◆ Requirement ◆
Output all of the data exactly as it appears, but leave out any pictures it contains.

◆ Material provided ◆
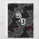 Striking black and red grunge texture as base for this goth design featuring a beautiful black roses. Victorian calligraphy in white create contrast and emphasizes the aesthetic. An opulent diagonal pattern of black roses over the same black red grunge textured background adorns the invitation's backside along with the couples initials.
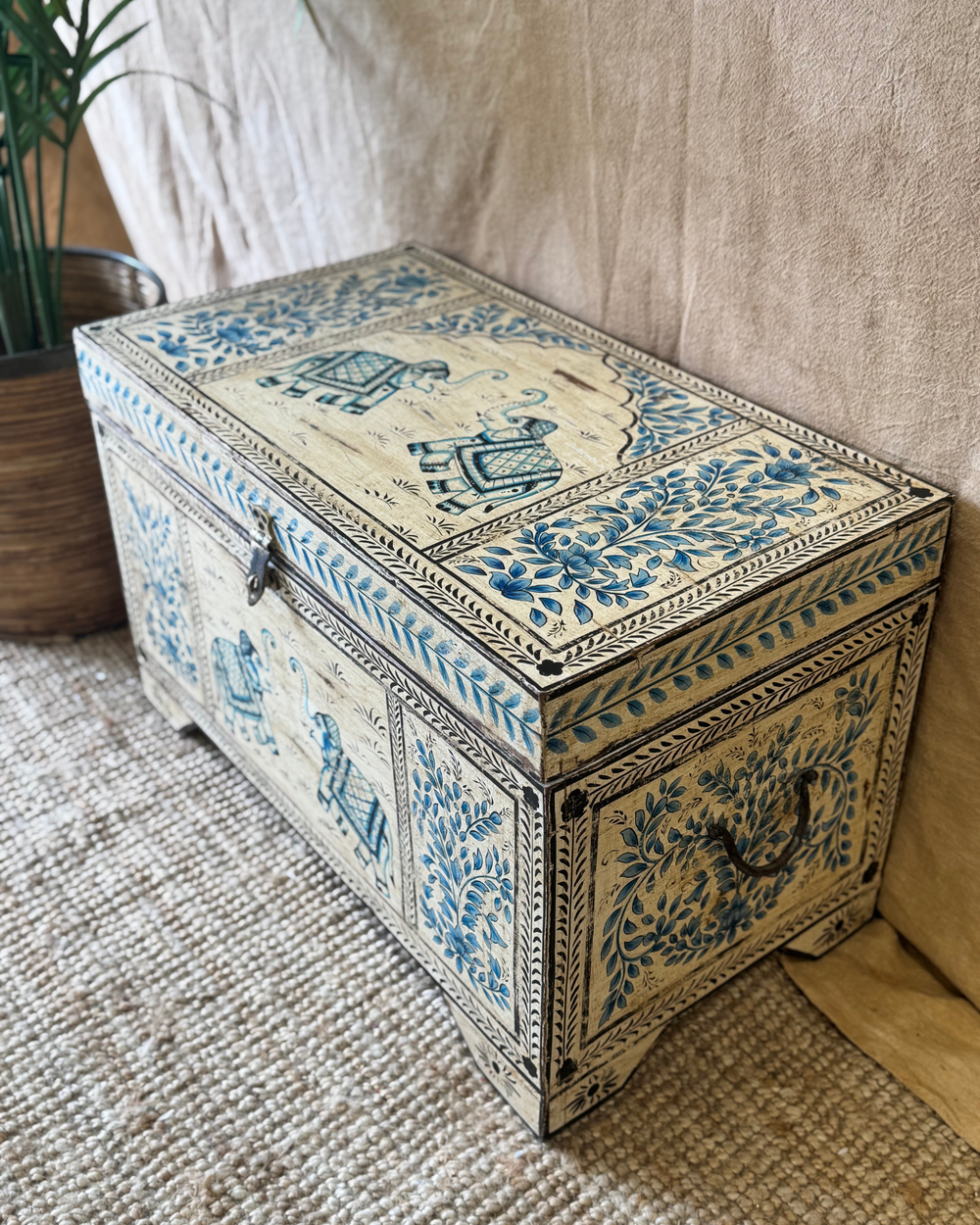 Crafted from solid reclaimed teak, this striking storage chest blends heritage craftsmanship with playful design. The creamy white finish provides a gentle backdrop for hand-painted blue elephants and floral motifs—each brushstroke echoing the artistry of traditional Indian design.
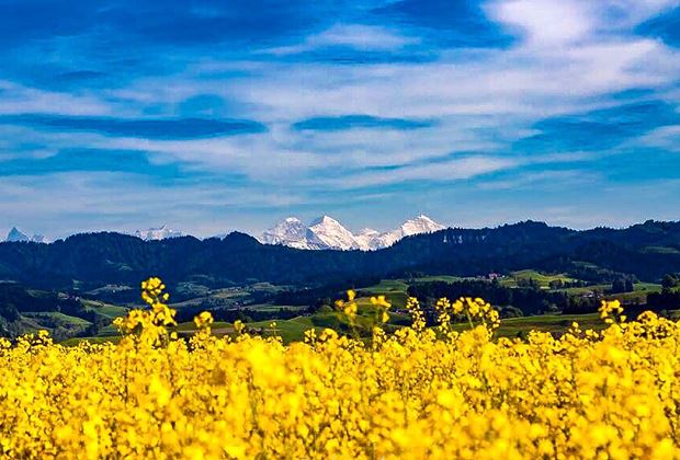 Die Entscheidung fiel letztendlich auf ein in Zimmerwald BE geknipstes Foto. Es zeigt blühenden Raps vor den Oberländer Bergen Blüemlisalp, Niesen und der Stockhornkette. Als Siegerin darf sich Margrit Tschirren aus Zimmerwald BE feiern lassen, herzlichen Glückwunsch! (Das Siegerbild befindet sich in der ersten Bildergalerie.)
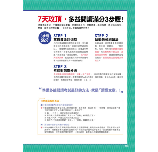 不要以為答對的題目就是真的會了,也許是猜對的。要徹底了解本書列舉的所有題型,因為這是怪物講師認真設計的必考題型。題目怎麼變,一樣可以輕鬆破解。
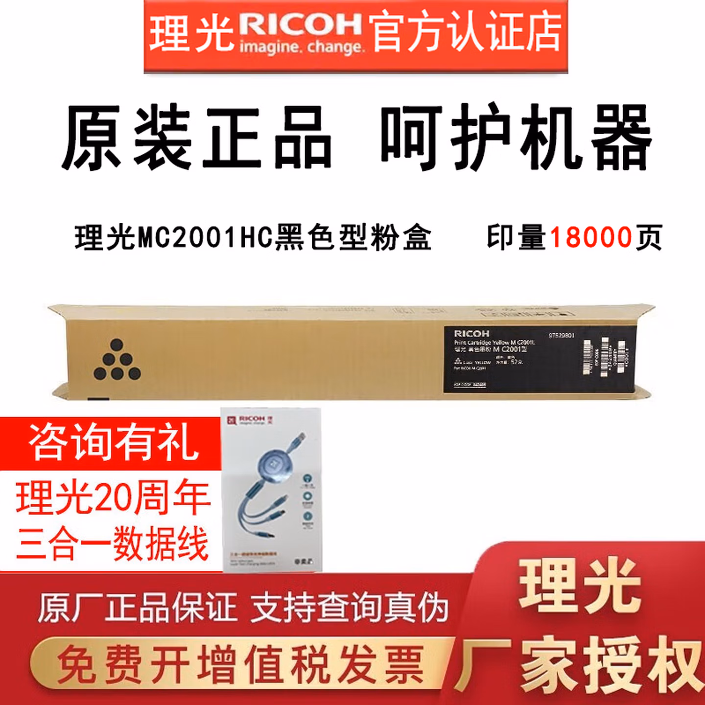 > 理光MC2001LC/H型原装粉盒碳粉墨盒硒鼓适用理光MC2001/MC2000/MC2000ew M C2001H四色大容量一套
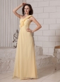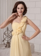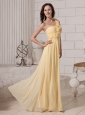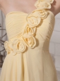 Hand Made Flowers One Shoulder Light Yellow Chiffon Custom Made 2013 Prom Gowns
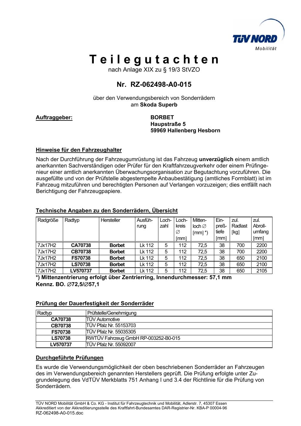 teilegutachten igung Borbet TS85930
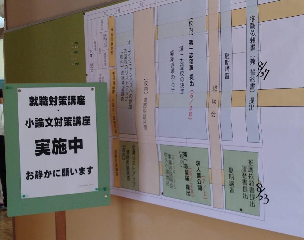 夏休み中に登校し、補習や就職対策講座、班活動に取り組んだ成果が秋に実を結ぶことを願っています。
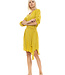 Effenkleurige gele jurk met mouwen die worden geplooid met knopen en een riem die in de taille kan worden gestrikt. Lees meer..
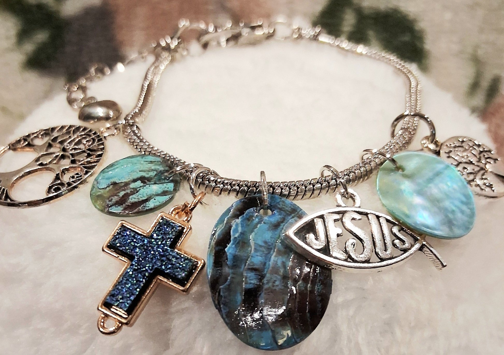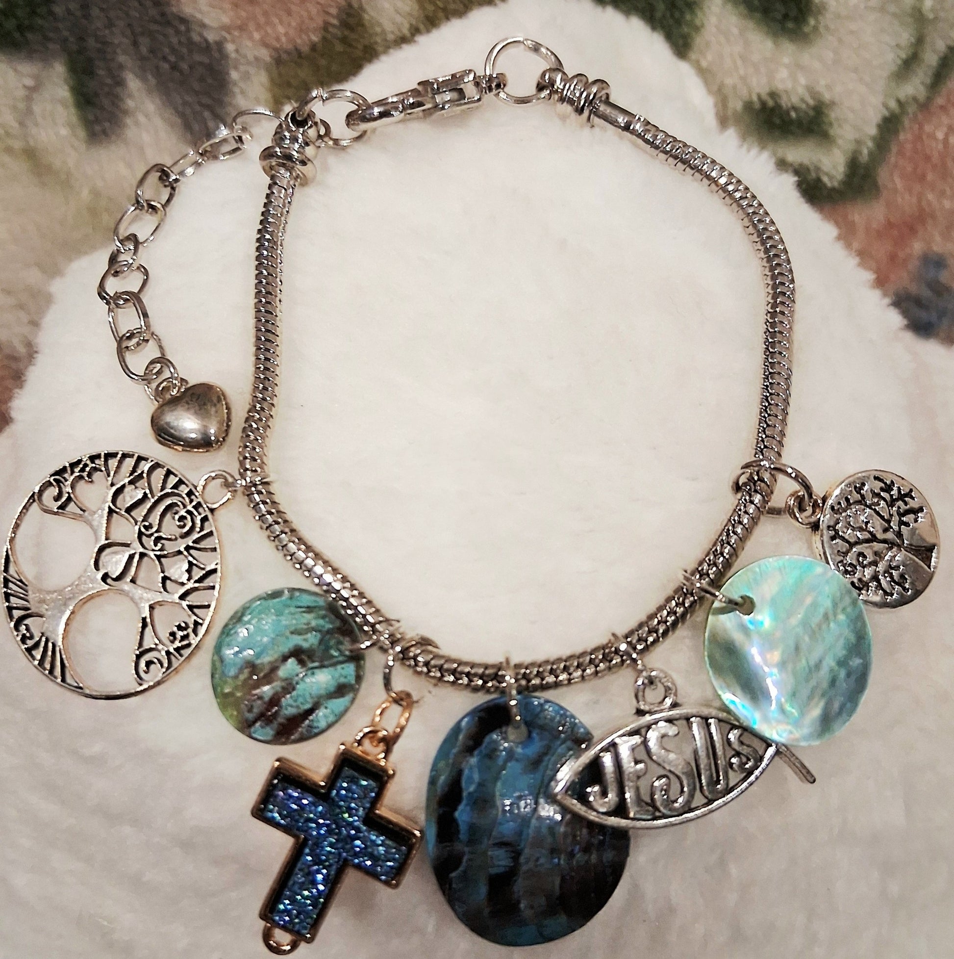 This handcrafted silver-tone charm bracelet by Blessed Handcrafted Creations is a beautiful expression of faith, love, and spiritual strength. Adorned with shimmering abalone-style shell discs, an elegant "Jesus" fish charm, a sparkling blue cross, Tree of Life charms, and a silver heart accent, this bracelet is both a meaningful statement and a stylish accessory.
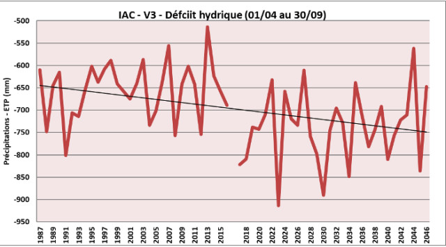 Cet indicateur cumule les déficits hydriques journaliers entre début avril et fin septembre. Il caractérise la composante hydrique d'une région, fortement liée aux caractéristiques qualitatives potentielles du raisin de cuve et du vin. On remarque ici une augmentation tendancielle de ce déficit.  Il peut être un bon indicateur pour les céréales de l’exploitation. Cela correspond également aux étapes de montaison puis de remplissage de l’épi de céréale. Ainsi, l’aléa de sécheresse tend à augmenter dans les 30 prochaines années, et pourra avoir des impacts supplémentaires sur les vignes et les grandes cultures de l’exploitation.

◆ Solution to the exercise ◆
 Striking black and red grunge texture as base for this goth design featuring a beautiful black roses. Victorian calligraphy in white create contrast and emphasizes the aesthetic. An opulent diagonal pattern of black roses over the same black red grunge textured background adorns the invitation's backside along with the couples initials.
 Crafted from solid reclaimed teak, this striking storage chest blends heritage craftsmanship with playful design. The creamy white finish provides a gentle backdrop for hand-painted blue elephants and floral motifs—each brushstroke echoing the artistry of traditional Indian design.
 Die Entscheidung fiel letztendlich auf ein in Zimmerwald BE geknipstes Foto. Es zeigt blühenden Raps vor den Oberländer Bergen Blüemlisalp, Niesen und der Stockhornkette. Als Siegerin darf sich Margrit Tschirren aus Zimmerwald BE feiern lassen, herzlichen Glückwunsch! (Das Siegerbild befindet sich in der ersten Bildergalerie.)
 不要以為答對的題目就是真的會了,也許是猜對的。要徹底了解本書列舉的所有題型,因為這是怪物講師認真設計的必考題型。題目怎麼變,一樣可以輕鬆破解。
 > 理光MC2001LC/H型原装粉盒碳粉墨盒硒鼓适用理光MC2001/MC2000/MC2000ew M C2001H四色大容量一套
 Hand Made Flowers One Shoulder Light Yellow Chiffon Custom Made 2013 Prom Gowns
 teilegutachten igung Borbet TS85930
 夏休み中に登校し、補習や就職対策講座、班活動に取り組んだ成果が秋に実を結ぶことを願っています。
 Effenkleurige gele jurk met mouwen die worden geplooid met knopen en een riem die in de taille kan worden gestrikt. Lees meer..
 This handcrafted silver-tone charm bracelet by Blessed Handcrafted Creations is a beautiful expression of faith, love, and spiritual strength. Adorned with shimmering abalone-style shell discs, an elegant "Jesus" fish charm, a sparkling blue cross, Tree of Life charms, and a silver heart accent, this bracelet is both a meaningful statement and a stylish accessory.
 Cet indicateur cumule les déficits hydriques journaliers entre début avril et fin septembre. Il caractérise la composante hydrique d'une région, fortement liée aux caractéristiques qualitatives potentielles du raisin de cuve et du vin. On remarque ici une augmentation tendancielle de ce déficit.  Il peut être un bon indicateur pour les céréales de l’exploitation. Cela correspond également aux étapes de montaison puis de remplissage de l’épi de céréale. Ainsi, l’aléa de sécheresse tend à augmenter dans les 30 prochaines années, et pourra avoir des impacts supplémentaires sur les vignes et les grandes cultures de l’exploitation.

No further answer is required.